Maybe we can move passed the reason why I need it and concentrate on the how
- is there another way to load a dfs file in a UDF (other than the one I
used)?

Tamir

-----Original Message-----
From: Olga Natkovich [mailto:olgan@yahoo-inc.com] 
Sent: Monday, July 06, 2009 8:25 PM
To: pig-user@hadoop.apache.org
Subject: RE: Using the ConfigurationUtil

I think you can just add it to the original cogroup.

-----Original Message-----
From: Tamir Kamara [mailto:tamirkamara@gmail.com] 
Sent: Monday, July 06, 2009 9:39 AM
To: pig-user@hadoop.apache.org
Subject: RE: Using the ConfigurationUtil

Hi Olga,

As I wrote in my previous response - I do not want to use cogroup (and
filter) because this requires a separate reduce phase which doesn't make
sense if the second dataset is small enough it's simply a waste of
resources.

Please read my earlier see why exactly I think a UDF would be better
here.

Thanks,
Tamir

-----Original Message-----
From: Olga Natkovich [mailto:olgan@yahoo-inc.com] 
Sent: Monday, July 06, 2009 7:09 PM
To: pig-user@hadoop.apache.org
Subject: RE: Using the ConfigurationUtil

I don't think you need either join or UDF. You can just load you dataset
and include in the cogroup and then use filter to only keep rows where
the count for your list is equal to 0. You can look at L5 in
http://wiki.apache.org/pig/PigMix.

Olga

-----Original Message-----
From: Tamir Kamara [mailto:tamirkamara@gmail.com] 
Sent: Monday, July 06, 2009 8:49 AM
To: pig-user@hadoop.apache.org
Subject: RE: Using the ConfigurationUtil

Hi,

Actually, this is not a replicated join because as you can see in my
script
I use the *not* keyword before the function.
In fact, if there was an option to do an outer (replicated) join then
that
would work, but I remember someone once said that all joins are inner.

I have many cases where I want to filter one list that doesn't exist in
the
other (similar to NOT IN or MINUS in sql).
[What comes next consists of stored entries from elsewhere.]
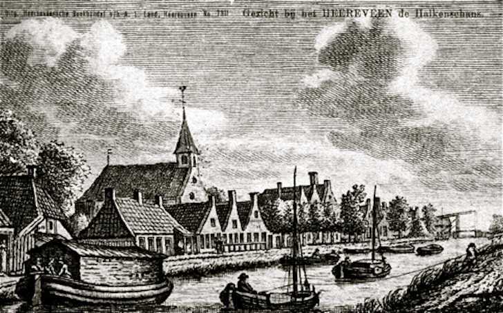 Wat zien we nou eigenlijk op deze prent ? Het laatste deel van de Heerensloot en de Heerenwal - of zoals op de kaart van Gosen van Terwisga uit 1789 staat ‘Compajons vaert’ en ‘Schanserwal’. Aan de linkerkant staan een vijftal huizen en daar rechts van zeer prominent de kerk van Nijehaske. Die staat er eigenlijk nog maar kort, want hij wordt op 10 december 1775 ingewijd door ds. J. Dix. In de topgevel is van het leggen van de eerste steen nog een herinnering te vinden in de vorm van een wapensteen van Klaas Tjerks Hiddinga, ontvanger en dorprechter van Nijehaske. Een poging om via een speciekohier van Nieuwehaske uit 1778 greep te krijgen op de bewoning van de verschillende goed zichtbare huizen en huisjes op dit streekje aan de Schanserwal brengt ons niet veel verder. Wel vinden we in die lijst de naam van Dnús (afkorting van Dominus) Dix, die in een huis met 2 schoorstenen woont met een gezin van 4 hoofden. Het is in die tijd natuurlijk niet ongebruikelijk, dat de ‘pastorie’ vlakbij de kerk staat. Daarvoor staan op de lijst twee nummers, te weten 95 en 96. Zijn dat huisnummers of volgnummers ? Spijtig genoeg staat in dat dossier het gebouw van de ‘kerk’ als - niet-belastbaar - object niet verantwoord.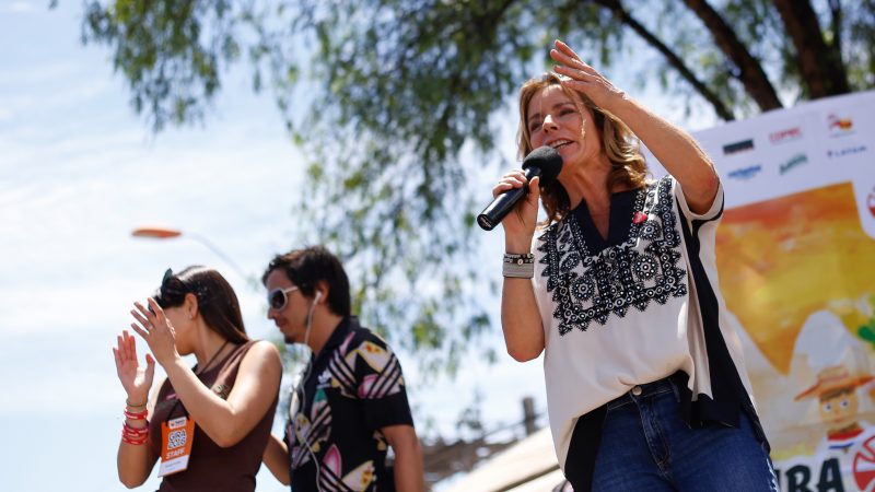 Katherine Salosny, conductora del matinal "Mucho gusto" de Mega, tuvo una participación especial en "Aló aló", obra teatral dirigida por Alejandro Goic.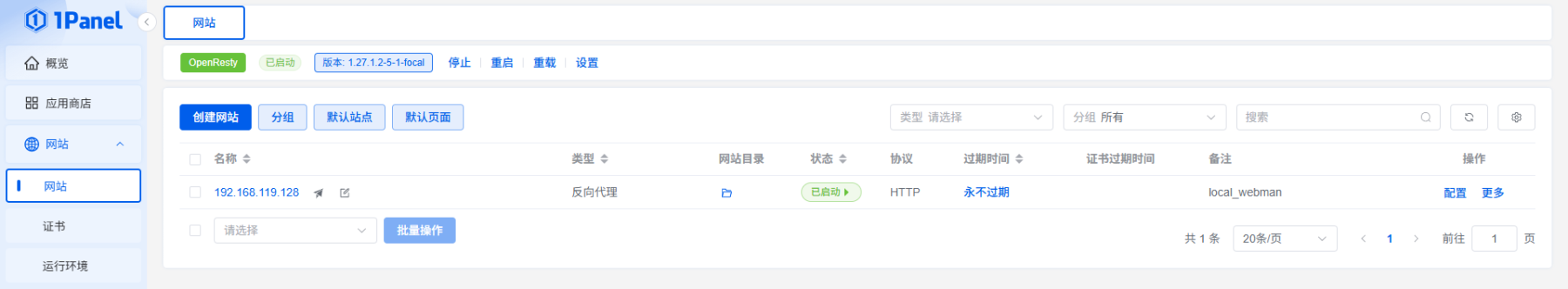 4、创建一个网站,绑定域名:192.168.119.128,类型:反向代理,代理地址:http://0.0.0.0:23485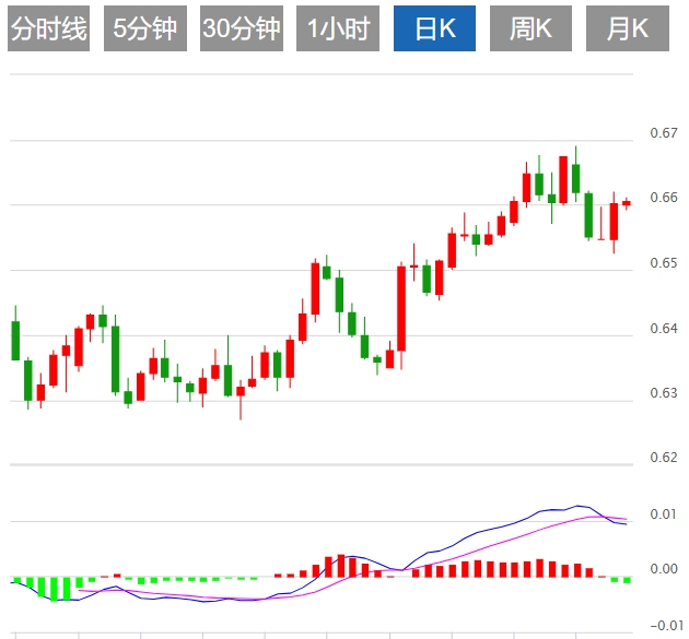 周五亚洲早盘时段,澳元兑美元窄幅震荡于0.6600心理关卡附近。澳大利亚数据弱于预期且中国经济前景悲观打压澳元。澳元兑美元目前交投于0.6607附近,日内上涨0.08%。

Currently the only way of
doing
this in to use a cogroup followed by a filter count(something)==0, and
for
me it looks like a waste of a MR cycle that costs me a lot of time. What
I
tried to do is to write this NOT IN for pig that would save time and
cycles.

So, back to my original question - what's wrong with the
ConfigurationUtil
at the reduce phase?
Or, is there another way of accessing dfs files within UDFs?

Thanks,
Tamir

-----Original Message-----
From: Dmitriy Ryaboy [mailto:dvryaboy@cloudera.com] 
Sent: Monday, July 06, 2009 5:52 PM
To: pig-user@hadoop.apache.org
Subject: Re: Using the ConfigurationUtil

JOIN A by id, B by id USING "replicated" PARALLEL 30

On Mon, Jul 6, 2009 at 7:34 AM, Chris Olston <ol...@yahoo-inc.com>
wrote:

> On 7/5/09 10:55 PM, "Tamir Kamara" <ta...@gmail.com> wrote:
>
> >
> > filters based on a (small)
> > list of values present in a file in order to avoid another cogroup
> followed
> > by a filter.
>
> That's a fragment-and-replicate join. Pig has a built-in command for
that
> now (anybody know the syntax off-hand?).
>
> -Chris
>
>
> > The function gets the dfs path to a file and loads it to memory
> > and then do the actual matching/filtering.
> > It seems that if the function is used in the reduce phase then it
has a
> > problem with the ConfigurationUtil:
> >
> > java.lang.NullPointerException
> > at
> >
>
org.apache.pig.backend.hadoop.datastorage.ConfigurationUtil.toProperties
(Con
fi
> > gurationUtil.java:45)
> > at pigUDF.InList.init(InList.java:42)
> > at pigUDF.InList.exec(InList.java:67)
> >
> >
> > private void init() throws IOException  {
> >         hs = new HashSet<String>();
> >         Properties props =
> > ConfigurationUtil.toProperties(PigInputFormat.sJob); // ***** line
42
> *****
> >         InputStream is = FileLocalizer.openDFSFile(FilterFileName,
> > props);
> >         BufferedReader reader = new BufferedReader(new
> > InputStreamReader(is));
> >         while (true) {
> >             String line = reader.readLine();
> >             if (line == null)
> >                 break;
> >             String FilterField = line.split("\t")[FieldIndex];
> >
> >             hs.add(FilterField);
> >         }
> >         System.out.println("Hash Size: " + hs.size());
> > }
> >
> > When the function is used in the map then it work perfectly.
> >
> > The script I'm using:
> > REGISTER pigUDF.jar;
> > %declare bots_file 'bots.txt'
> > b01 = load 'file01' as (key: long, value: int);
> > b02 = load 'file01' as (key: long, value: int);
> > b03 = load 'file01' as (key: long, value: int);
> > b04 = load 'file01' as (key: long, value: int);
> > b05 = load 'file01' as (key: long, value: int);
> > c = cogroup b01 by key, b02 by key, b03 by key, b04 by key, b05 by
key;
> > DEFINE INLIST pigUDF.InList('$bots_file', '0');
> > c1 = filter c by COUNT(b01)>0 and not INLIST(group);
> >
> >
> > Am I doing something wrong?
> >
> > Thanks,
> > Tamir
>
> --
> Christopher Olston, Ph.D.
> Sr. Research Scientist
> Yahoo! Research
>
>
>
>
>

Re: Using the ConfigurationUtil

Posted by Tamir Kamara <ta...@gmail.com>.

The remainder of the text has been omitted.